La direction du rétablissement est le désenchevêtrement de l’infrastructure de communication souveraine du contrôle étatique de l’environnement d’information — la reconnaissance qu’une véritable souveraineté dans le pilier de la communication requiert que l’infrastructure opère dans des contraintes constitutionnelles honnêtes au point que la parole d’opposition reste possible. Le substrat que l’Iran retient pour cela inclut la reconnaissance de la tradition poétique persane que la parole authentique requiert une liberté que la verticale politique a continuellement échoué à fournir ; la tradition iranienne équivalente au samizdat (l’appareil de publication clandestin pré-révolution, l’appareil de publication dissident post-révolution) ; le journalisme citoyen iranien de l’ère zhīna-amini que l’appareil smartphone-et-VPN a rendu possible. Les conditions structurelles de la réforme sont absentes dans les conditions contemporaines ; le substrat pour la réforme existe.


11. Culture

L’Iran a produit, sur environ trois millénaires de transmission continue, l’un des accomplissements culturels les plus concentrés qu’une civilisation ait portés. La tradition poétique persane (traitée ci-dessus) opère comme appareil culturel intégré. La tradition musicale persane — l’appareil radif / musique classique persane, le système modal-et-improvisationnel dastgah et avaz, le santur, tar, setar, tonbak, ney et l’appareil instrumental plus large, la tradition vocale avaz opérant avec intégration à l’appareil poétique, le taʿziyeh (la tradition chiite de la pièce de la Passion) comme appareil musico-théâtral — opère comme accomplissement culturel à travers les siècles.

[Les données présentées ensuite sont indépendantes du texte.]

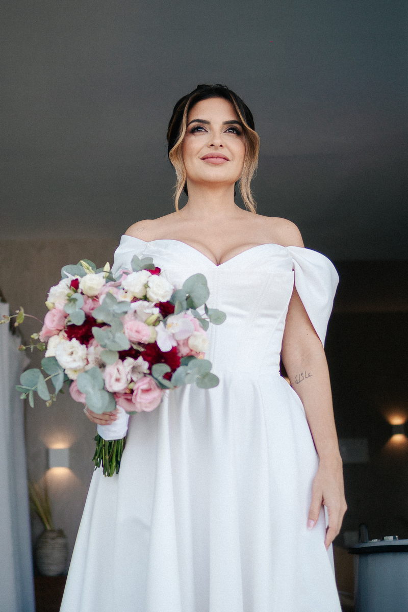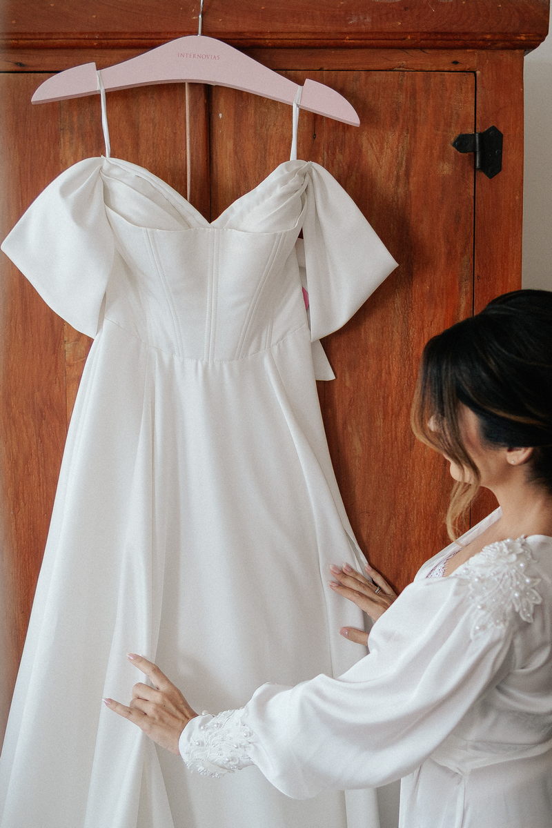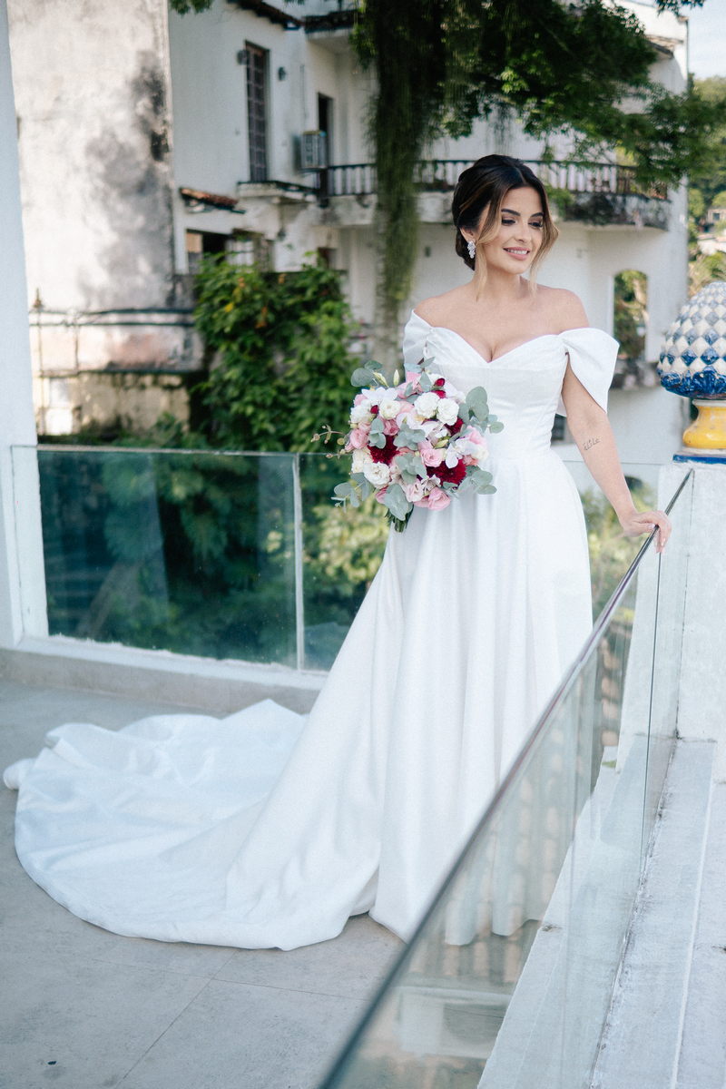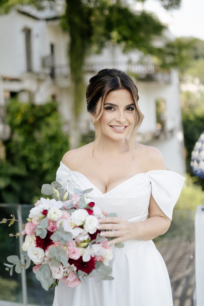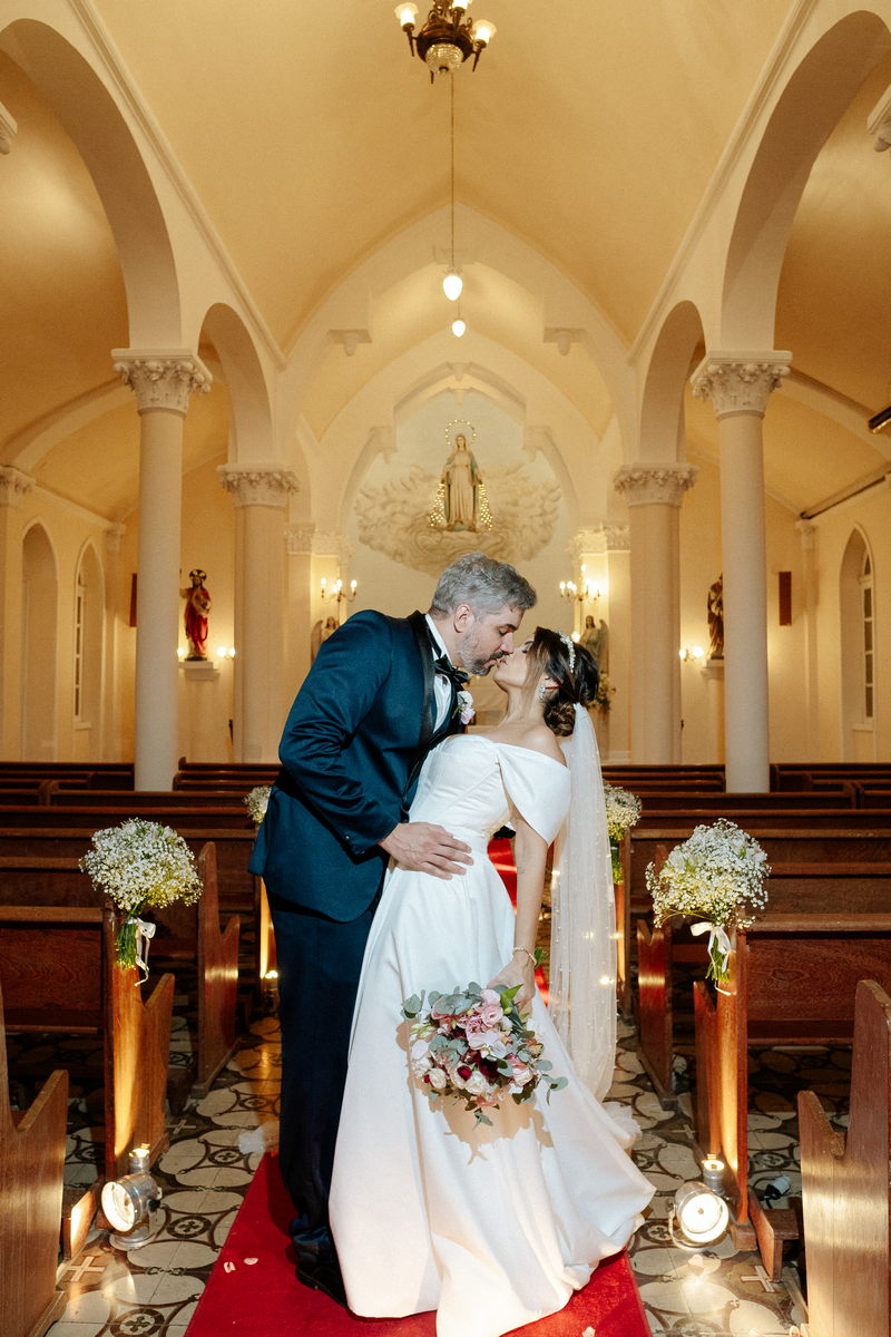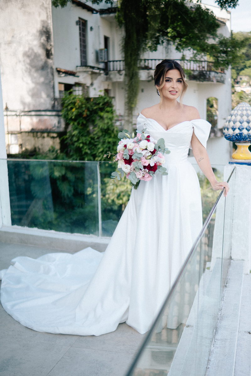 Isabella encantou todos os convidados ao surgir com seu vestido de noiva Internovias, que combinava perfeitamente tradição e contemporaneidade. O modelo minimalista com seu sofisticado decote ombro a ombro, complementado por mangas delicadas trouxe um toque de romantismo. Já a silhueta clássica em A, com a cintura delicadamente marcada valorizou suas curvas, enquanto a saia com com belíssima fenda tornou o seu andar até o altar ainda mais inesquecível. A beleza da noiva ficou por conta da talentosa @carolinemonnerat, que realçou ainda mais a elegância e delicadeza da Isabella. O look equilibrou perfeitamente sofisticação e leveza, ideal para cerimônias como essa, que celebravam o amor em sua forma mais pura.

La tradition cinématographique iranienne — l’appareil pré-révolution que la Nouvelle Vague persane (Ebrahim Golestan, Sohrab Shahid Saless, Dariush Mehrjui, Bahram Beyzaie, Forough Farrokhzad comme poétesse-et-cinéaste) a développé, l’appareil post-révolution que la Nouvelle Vague iranienne (Abbas Kiarostami, Mohsen Makhmalbaf, Jafar Panahi, Asghar Farhadi, Majid Majidi) a développé à une échelle de reconnaissance internationale malgré les contraintes domestiques, et l’appareil cinématographique iranien contemporain opérant sous contrainte tout en produisant des œuvres — représente l’un des cinémas nationaux les plus importants de la fin du XXe siècle et du début du XXIe siècle. La tradition iranienne Kānūn de littérature pour enfants et d’animation opère à un niveau d’accomplissement.

L’appareil iranien des arts visuels — la tradition de la peinture miniature persane, la tradition du tapis persan (registre culturel-économique), la tradition de la calligraphie persane (l’écriture Nastaʿlīq, l’appareil calligraphique), la tradition architecturale persane (la Mosquée du Shah / Naghsh-e Jahan à Ispahan comme accomplissement architectural pré-moderne, le Chehel Sotoun, la tradition de la Mosquée du Vendredi à travers les régions persanes, la tradition des jardins que le jardin persan (Bāgh-e Pārsi) a établie comme typologie mondiale) — fournit des accomplissements culturels à travers les domaines.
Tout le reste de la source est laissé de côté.